I was looking at some code a friend sent me, and he said: "It compiles, but doesn't work". I saw that he used the functions without the parentheses, something like this:
我正在查看一位朋友发给我的一些代码,他说:“它可以编译,但不能工作。”我看到他用的函数没有括号,像这样
void foo(){
cout<< "Hello world\n";
}
int main(){
foo; //function without parentheses
return 0;
}
The first I said was "use parentheses, you have to". And then I tested that code - it does compile, but when executed doesn't work (no "Hello world" shown).
我说的第一句话是“用圆括号,你必须这么做”。然后我测试了这段代码——它确实可以编译,但是当执行时就不能工作了(没有显示“Hello world”)。
So, why does it compile (no warning at all from the compiler GCC 4.7), but doesn't work?
那么,为什么它要编译(编译器GCC 4.7完全没有警告),但是却不能工作?
3 个解决方案
#1
12
It surely warns if you set the warning level high enough.
如果你把警戒线设置得足够高,它肯定会发出警告。
A function name evaluates to the address of the function, and is a legal expression. Usually it is saved in a function pointer,
函数名计算到函数的地址,是合法的表达式。通常它保存在函数指针中,
void (*fptr)() = foo;
but that is not required.
但这不是必需的。
#2
11
You need to increase the warning level that you use. foo;
is a valid expression statement (the name of a function converts to a pointer to the named function) but it has no effect.

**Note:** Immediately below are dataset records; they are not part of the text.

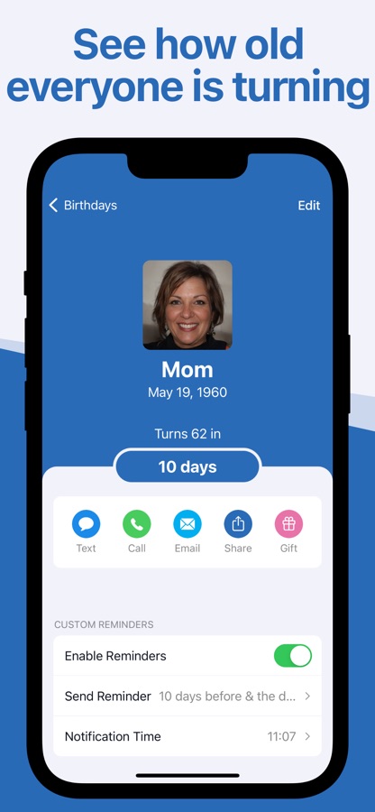 «Just what I’ve been searching for. I’ll never miss a birthday again with the notifications and widget. I like that it tells me how old the person will be so I can plan for milestone birthdays. Just perfect.» — by kat3748
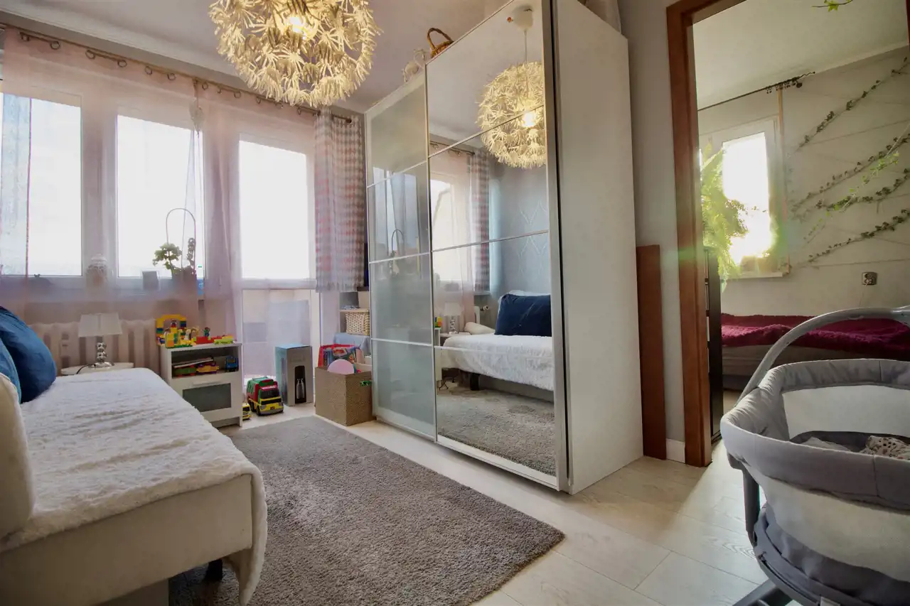 - 3 pokoje (9,33; 8,99; 10,29 m2) w tym jeden z pokoi przechodni
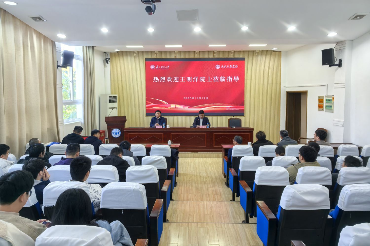 作者:郭凡 图片作者:郭凡 来源:轻小说 发布日期:2025-12-16 浏览:次2025年12月14日,苏州科技大学举办土木工程学科高质量发展系列活动。我国工程防护领域著名专家、中国工程院院士王明洋应邀来校,作“现代战争下关键基础设施防护若干理论问题”的学术报告,并出席土木工程学科高质量发展研讨会。校党委书记姜朋明,党委常委、副校长唐柏鉴等参加活动。
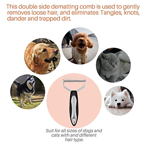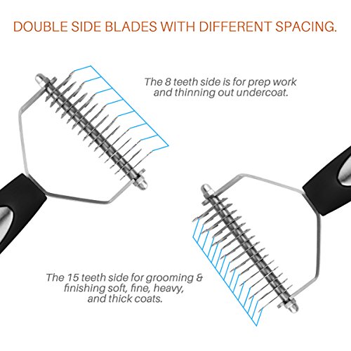DOUBLE SIDED GROOMING TOOL: Designed with 8 teeth side for prep work and thinning out undercoat and 15 teeth side for grooming & finishing soft, fine, heavy, and thick coats, allows you to remove the toughest knots, mats and tangles without hurting your pets.
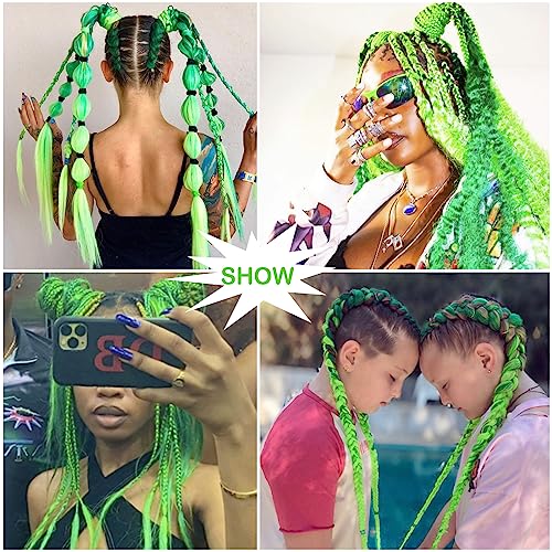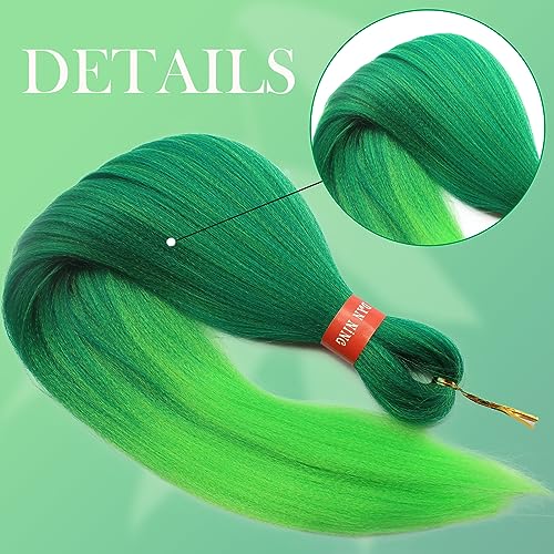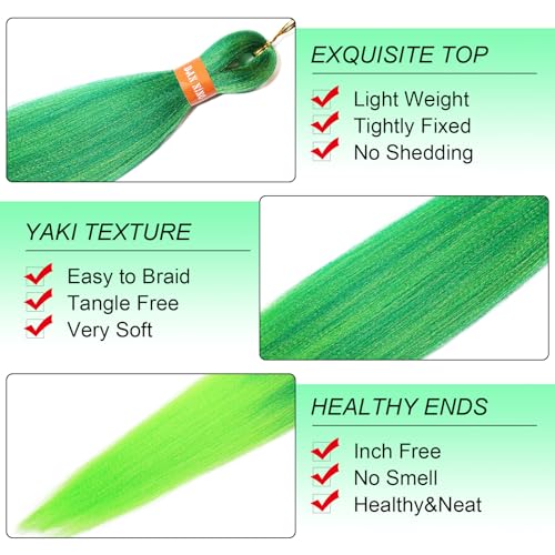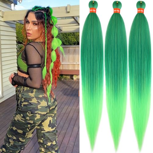Specification: Ombre Green Pre Stretched Braiding Hair 30 Inch Box Braid Hair Extensions 3 Packs Yaki Texture Pre Feathered Braids Hair
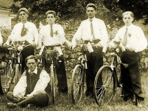 Kako so prišli do koles? Janez Kranjc (Krajnč) se je učil za mizarja v Škofji loki in se je nekoč pripeljal domov s kolesom. Dobški fantje so bili navdušeni in željni takih koles. Da bodo cenejša, jih je nosil iz Škofje loke po delih. Z vlakom do Borovnice in peš do Dobca. Doma so jih sestavili in “uštimali”. |
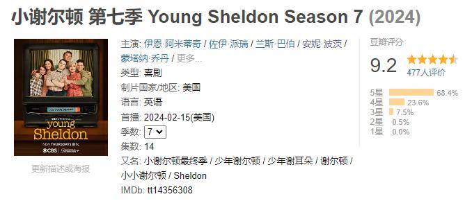 豆瓣上,《小谢尔顿》从第一季到第七季,评分从未落在9分下,本月新回归的第七季更是拿到了9.2的分数。

您需要增加您使用的警告级别。foo;是一个有效的表达式语句(函数的名称转换为指向已命名函数的指针),但没有效果。
I usually use -std=c++98 -Wall -Wextra -pedantic
which gives:
我通常使用-std=c++98 -Wall -Wextra -pedantic
<stdin>: In function 'void foo()':
<stdin>:2: error: 'cout' was not declared in this scope
<stdin>: In function 'int main()':
<stdin>:6: warning: statement is a reference, not call, to function 'foo'
<stdin>:6: warning: statement has no effect
#3
3
foo;
You're not actually 'using' the function here. You're just using the address of it. In this case, you're taking it but not really using it.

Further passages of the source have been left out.